#### What the task asks
When the line with "আজ বৃহস্পতিবার (০২" turns up below, begin repeating exactly, and carry on through the line with "During this 6-week"; no pictures go into the copy.

#### Excerpted records
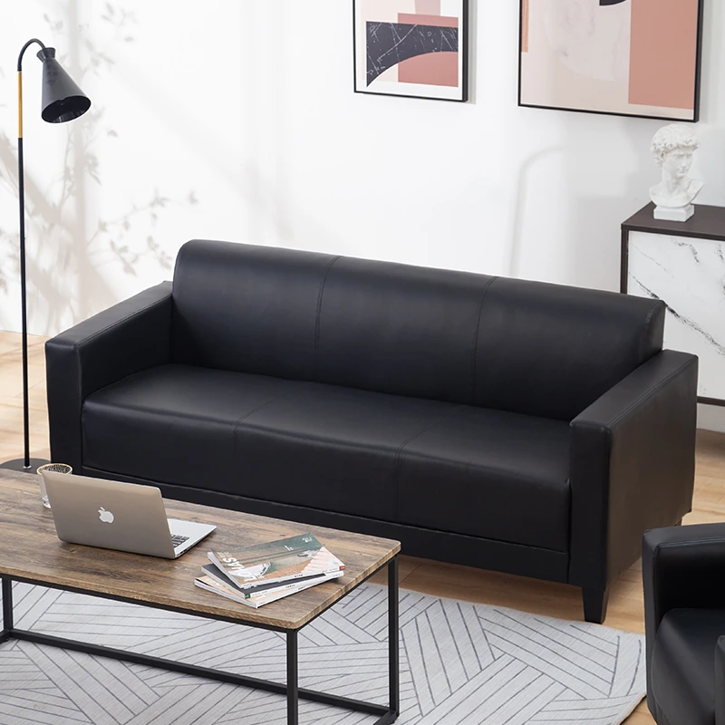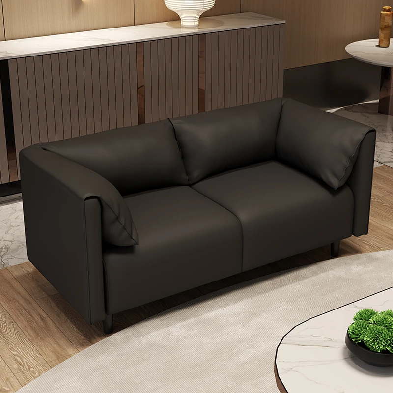 モダンでシンプルなオフィス用ソファ|小型アパートやリビングに最適なブラックレザー|ビジネス向け2人掛け・3人掛け|快適な休息スペースを演出します!
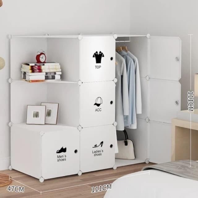 TỦ NHỰA GHÉP 7 Ô ĐỂ ĐỒ & 2 Ô TRANG TRÍ 🔴 Chất liệu tủ : 🔷Tủ được lắp từ 3 thành phần chính: (1). Tấm nhựa có khung thép. (2) Chốt. (3) Thanh treo quần áo. (4) Nam châm. 1️⃣ Tủ được cấu tạo từ khung thép và nhựa PP thiên nhiên, đây là loại nhựa dẻo, mềm (không phải nhựa giòn ) có độ bền trên 10 NĂM, shop bảo hành chất lượng khung thép VĨNH VIỄN. ✔️Không chứa phoóc môn và chất gây ô nhiễm, không có mùi nhựa. ✔️Khung thép quanh tấm nhựa có đường kính 4mm, được sơn tĩnh điện, bảo đảm chống han gỉ và thẩm mỹ. Khung thép liên kết với nhau qua hệ chốt tạo thành một lưới không gian 3 chiều rất chắc chắn. 2️⃣ Chốt được làm từ nhựa ABS vô cùng bền bỉ, chắc chắn giữa các khung thép và bền bỉ với thời gian. 3️⃣ Thanh treo quần áo làm bằng thép và sơn trắng tĩnh điện, chịu lực từ 10-15 bộ quần áo. 4️⃣ Nam châm được gắn vào chốt tại vị trí cửa để giữ cánh cửa khi đóng. ⛔️⛔️ƯU ĐIỂM NỔI BẬT : - GỌN, NHẸ, dễ dàng tháo lắp, vận chuyển - Nhựa từ thiên nhiên, rất AN TOÀN cho trẻ nhỏ - Dễ dàng lau chùi, không bám bẩn - Lắp đặt, thay đổi kiểu dáng linh hoạt - Có thể móc, xếp quần áo hoặc để sách vở thoải mái, mỗi ô có thể chiu lực từ 12-15kg - Tùy ý chọn số ô tủ, màu thân tủ, hình cánh tủ ghép tùy ý theo sở thích của bạn - Dễ dang thay thế phụ kiện khi bị hỏng ( khác hoàn toàn với tủ vải )
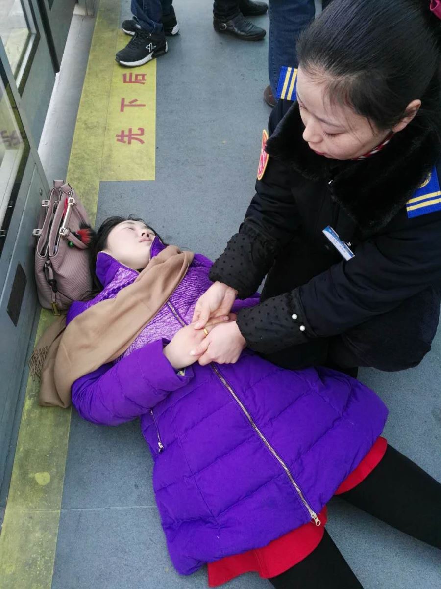 2018年1月26日下午16:15分,購(gòu)物中心站內(nèi)發(fā)生了驚心動(dòng)魄的一幕:一名中年女子在站臺(tái)內(nèi)等車(chē)時(shí),突然暈倒失去意識(shí),頭撞在BRT安全門(mén)的擋板上,牙齒咬得咯咯作響疑似癲癇發(fā)作,當(dāng)班的站務(wù)員朱海瑞、楊廷鳳發(fā)現(xiàn)后跑上前去,只見(jiàn)倒地女子雙眼發(fā)直,嘴唇發(fā)紫,面部肌肉抽搐,口鼻中有分泌物流出,上下牙床緊緊咬住。朱海瑞來(lái)不及考慮立即將口袋中的員工卡塞入其口中,防止她咬傷舌頭,一邊用手用力搓乘客的手,同時(shí)楊廷鳳立即掏出手機(jī)報(bào)120,并有序指引乘客上下車(chē),維護(hù)好站臺(tái)秩序。隨后趕來(lái)的急救車(chē)對(duì)女子進(jìn)行了初步診斷,確定為癲癇,在朱海瑞和醫(yī)生的幫助下,患病乘客已漸漸恢復(fù)正常,原來(lái)這位乘客由于家里有急事,忘記吃藥。朱海瑞立即端來(lái)熱水方便乘客服用隨身攜帶的藥物并不時(shí)安慰她,經(jīng)過(guò)120醫(yī)生再次診斷身體無(wú)礙后,這名女士才踏上回家的路。
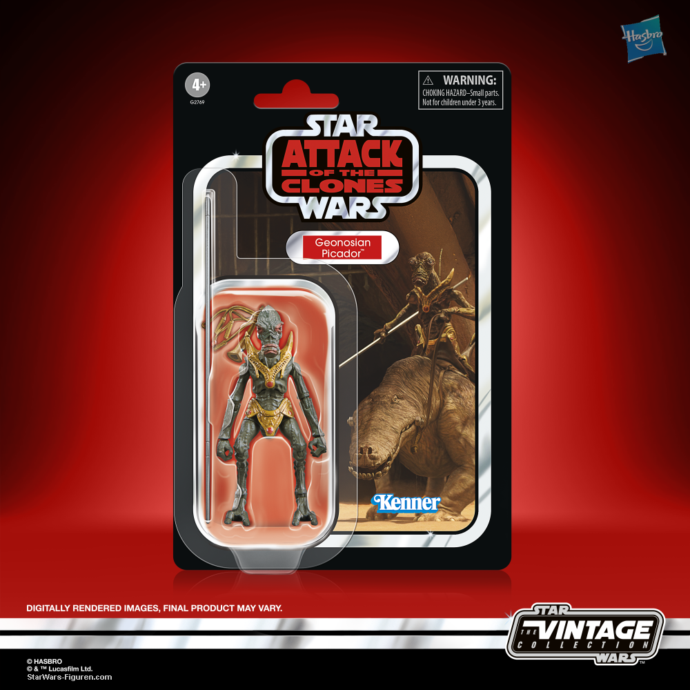 Geonosians use orrays, creatures native to the rocky planet, as mounts for the picadors in the execution arena. Celebrate the legacy of STAR WARS with premium vehicles, playsets, and action figures from STAR WARS: THE VINTAGE COLLECTION. Based on an orray and a Geonosian Picador as seen in STAR WARS: ATTACK OF THE CLONES, this 3.75-inch- scale figure set makes a great addition to any fan’s collection. Inspired by the original line, these collectibles feature premium detail and design across product and packaging, and collector-grade deco that fans have come to know and love. The included arena cart comes with attachable reins for the orray’s saddle, and the Geonosian Picador can be posed on the cart. Calling back to the original 1970s and 1980s vintage toys, the Geonosian 3.75 inch action figure features Kenner branding and package design with a unique VC number for collectability. Find other STAR WARS collectibles from THE VINTAGE COLLECTION to reimagine iconic scenes -- or create your own (each sold separately, subject to availability).
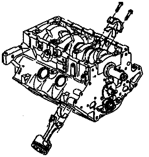 CAUTION: This engine has side bolts on all of the main caps except the rear cap. These bolts must be removed to service the caps.
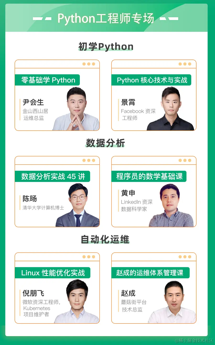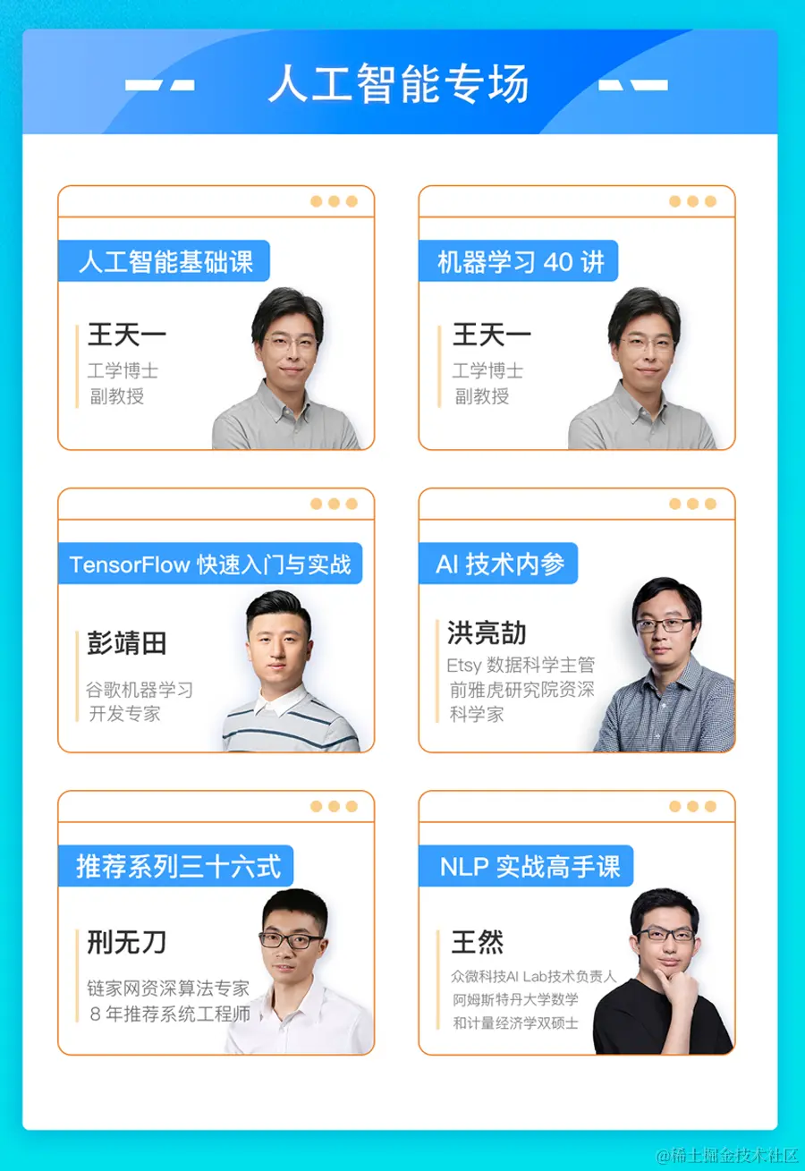 企业学习福利****除上述Python和人工智能系列课程外,极客时间全部课程均面向企业免费开放,内容涵盖移动、前端、后端、架构、运维、编程语言、测试、大数据、云原生, 研发团队的成员都能找到适合自己学习的实战课程。????
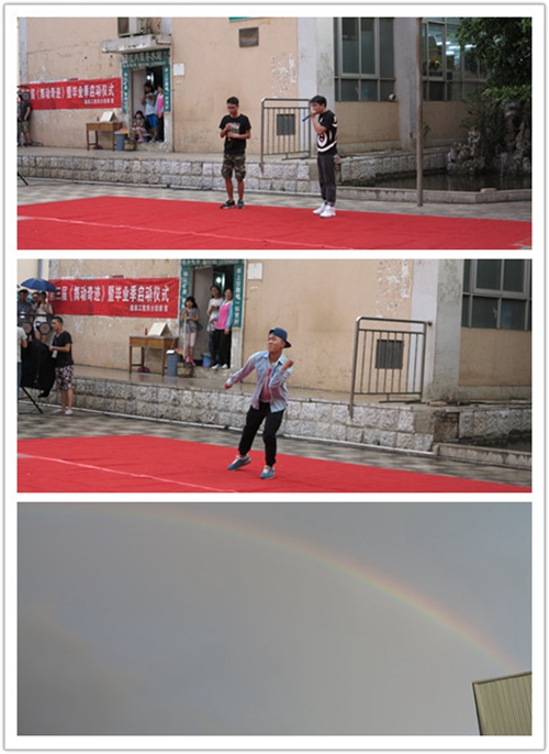 第三届“舞动奇迹”舞蹈大赛伴随着绵绵细雨落幕,此次舞蹈大赛将是最后一届,同时今天也是我们为毕业生举办的毕业季活动的启动仪式。阵雨过后,天边出现了彩虹。细雨道出了对大赛的不舍,对毕业生的留恋,不管怎么样,我们相信未来会更好。最后用信息工程系系主任晋帆老师的一句话与大家共勉,希望大家毕业以后能够过高尚、谦卑的生活,在另外一个舞台上舞动出更多奇迹。
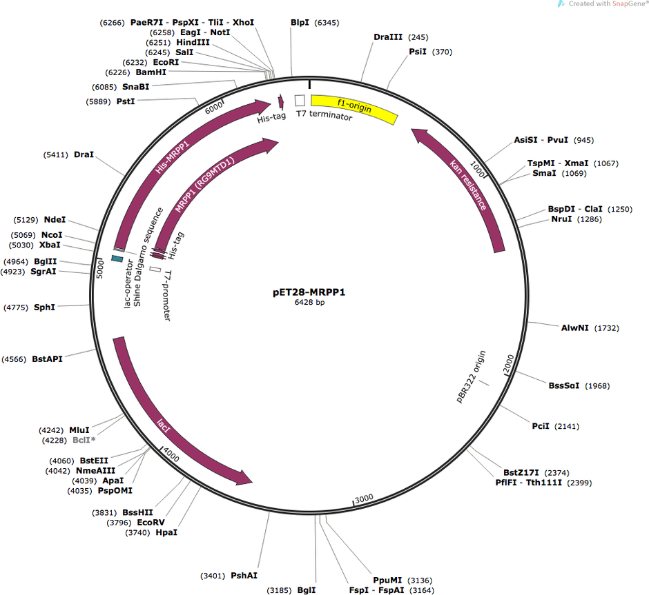 pET28-MRPP1 was a gift from Walter Rossmanith (Addgene plasmid # 67862 ; http://n2t.net/addgene:67862 ; RRID:Addgene_67862) -
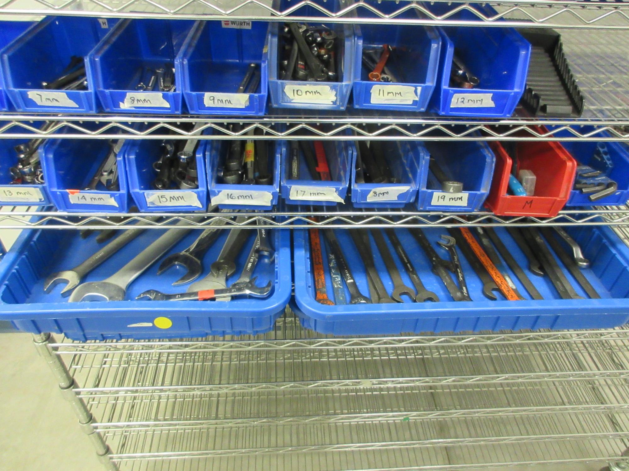 Lot 168: Hand Tools, including Box End Wrenches, Ratchets, Sockets and MORE on Quantum 11-Shelf 60" x 24" 78" Metal Wire Rolling Cart
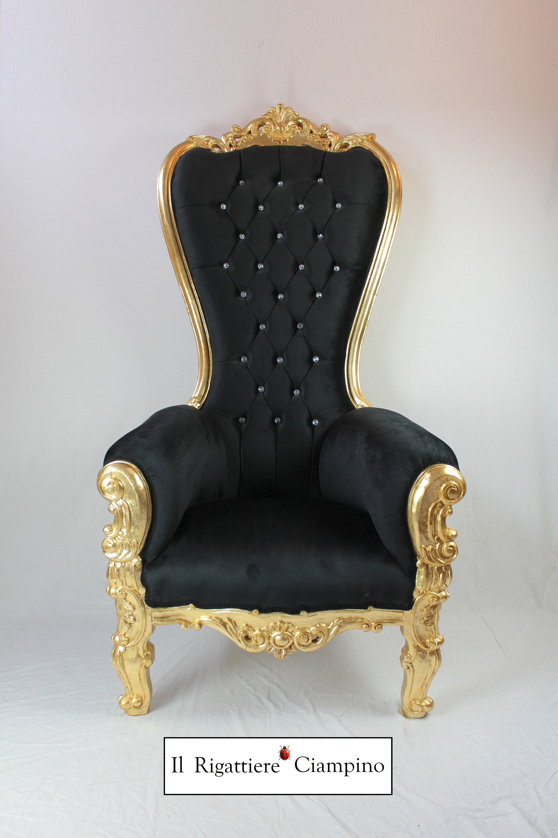 Il Rigattiere Ciampino propone una magnifico trono modello Jasmine con struttura oro e rivestimento in velluto nero, trapuntata con lavorazione Capitonné. Per donare regalità e importanza al tuo salotto o al tuo negozio. Questo trono è una testimonianza della vostra raffinatezza e della vostra passione per l'arte e la bellezza. Prendetelo, sedetevi e regalatevi un'esperienza davvero regale.
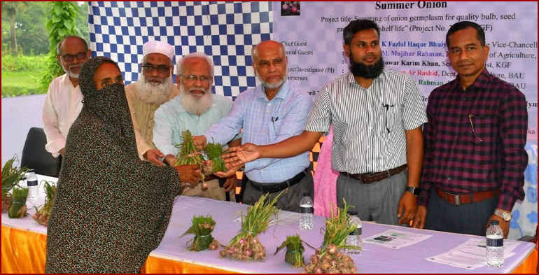 আজ বৃহস্পতিবার (০২ এপ্রিল) সকাল ১০টায় বিশ্ববিদ্যালয়ের হর্টিকালচার ফার্মের অ্যালিয়াম ফিল্ডে আয়োজিত এ কর্মসূচিতে বিশ্ববিদ্যালয়ের আশেপাশের এলাকার ৩০ জন কৃষককে ২০০টি করে পেঁয়াজের চারা বিনামূল্যে বিতরণ করা হয়। এসময় কৃষকদের আধুনিক প্রযুক্তিনির্ভর পেঁয়াজ উৎপাদন বিষয়ে প্রশিক্ষণ দেওয়া হয়। "উন্নত কন্দের গুণমান, বীজ উৎপাদন ও সংরক্ষণক্ষমতার জন্য পেঁয়াজের জার্মপ্লাজম বাছাই" শীর্ষক প্রকল্পটিতে অর্থায়ন করছে কেজিএফ। প্রকল্পটির প্রধান গবেষক হিসেবে রয়েছেন বাকৃবির উদ্যানতত্ত্ব বিভাগের অধ্যাপক অধ্যাপক ড. মো. হারুন অর রশিদ এবং কো-প্রধান গবেষক হিসেবে রয়েছেন রাজশাহীর বরেন্দ্র স্টেশনের বাংলাদেশ কৃষি গবেষণা ইনস্টিটিউটের সিনিয়র সাইন্টিফিক অফিসার ও ইনচার্জ, ওএফআরডি ড. মোঃ হাছান ওআলিউল্লাহ।
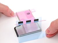 Lay the adhesive onto the battery and press each strip firmly into place.
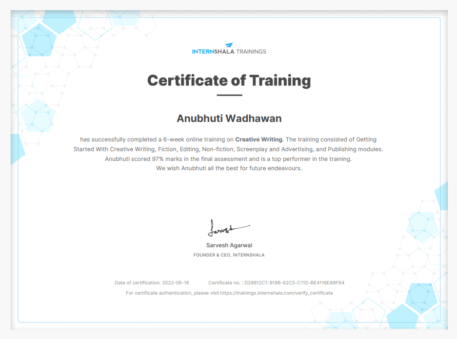 During this 6-week long course, I learnt Creative Writing, Fiction Writing, Editing, Non-fiction Writing, Screenplay and Advertising.
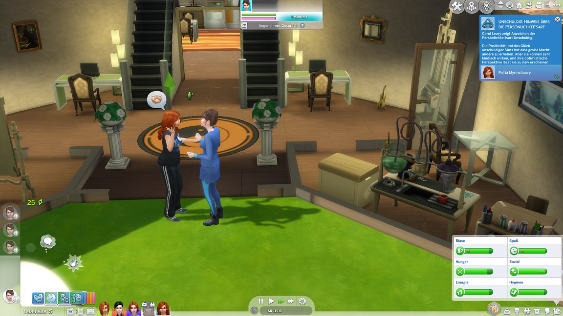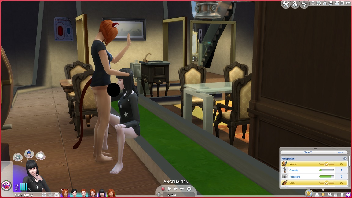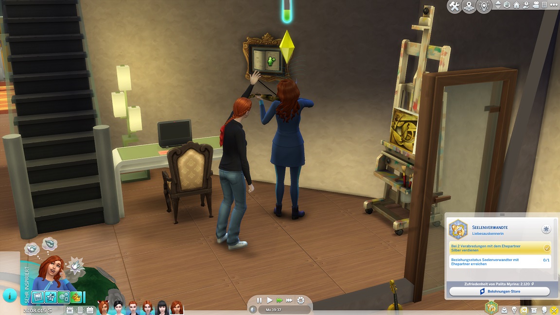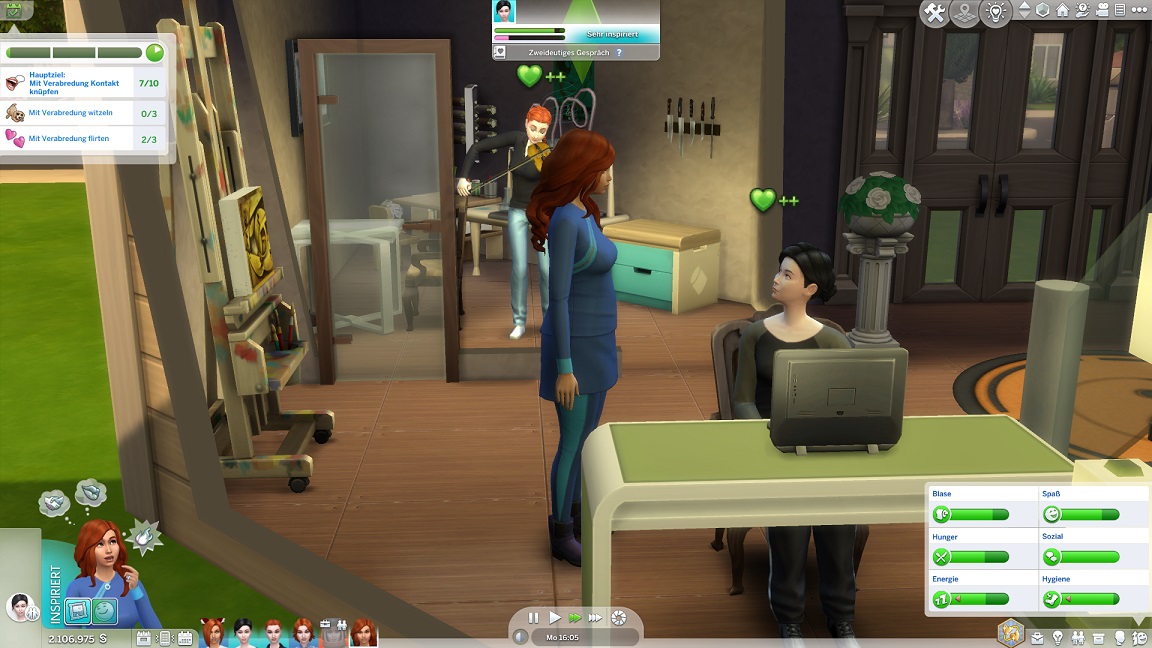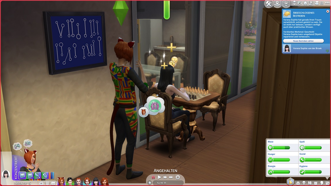 ... testet einmal die Gesamteinnahmen aus und wendet sich nach diesem Ego-Dämpfer der Malerei zu. Die kumulierten Boni aus Unterricht, Vorteilen und Raum-Aura schlagen dermaßen ein, dass sie bereits mit dem ersten Bild sechseinhalb Fertigkeitenstufen erlangt.

#### Expected answer
 আজ বৃহস্পতিবার (০২ এপ্রিল) সকাল ১০টায় বিশ্ববিদ্যালয়ের হর্টিকালচার ফার্মের অ্যালিয়াম ফিল্ডে আয়োজিত এ কর্মসূচিতে বিশ্ববিদ্যালয়ের আশেপাশের এলাকার ৩০ জন কৃষককে ২০০টি করে পেঁয়াজের চারা বিনামূল্যে বিতরণ করা হয়। এসময় কৃষকদের আধুনিক প্রযুক্তিনির্ভর পেঁয়াজ উৎপাদন বিষয়ে প্রশিক্ষণ দেওয়া হয়। "উন্নত কন্দের গুণমান, বীজ উৎপাদন ও সংরক্ষণক্ষমতার জন্য পেঁয়াজের জার্মপ্লাজম বাছাই" শীর্ষক প্রকল্পটিতে অর্থায়ন করছে কেজিএফ। প্রকল্পটির প্রধান গবেষক হিসেবে রয়েছেন বাকৃবির উদ্যানতত্ত্ব বিভাগের অধ্যাপক অধ্যাপক ড. মো. হারুন অর রশিদ এবং কো-প্রধান গবেষক হিসেবে রয়েছেন রাজশাহীর বরেন্দ্র স্টেশনের বাংলাদেশ কৃষি গবেষণা ইনস্টিটিউটের সিনিয়র সাইন্টিফিক অফিসার ও ইনচার্জ, ওএফআরডি ড. মোঃ হাছান ওআলিউল্লাহ।
 Lay the adhesive onto the battery and press each strip firmly into place.
 During this 6-week long course, I learnt Creative Writing, Fiction Writing, Editing, Non-fiction Writing, Screenplay and Advertising.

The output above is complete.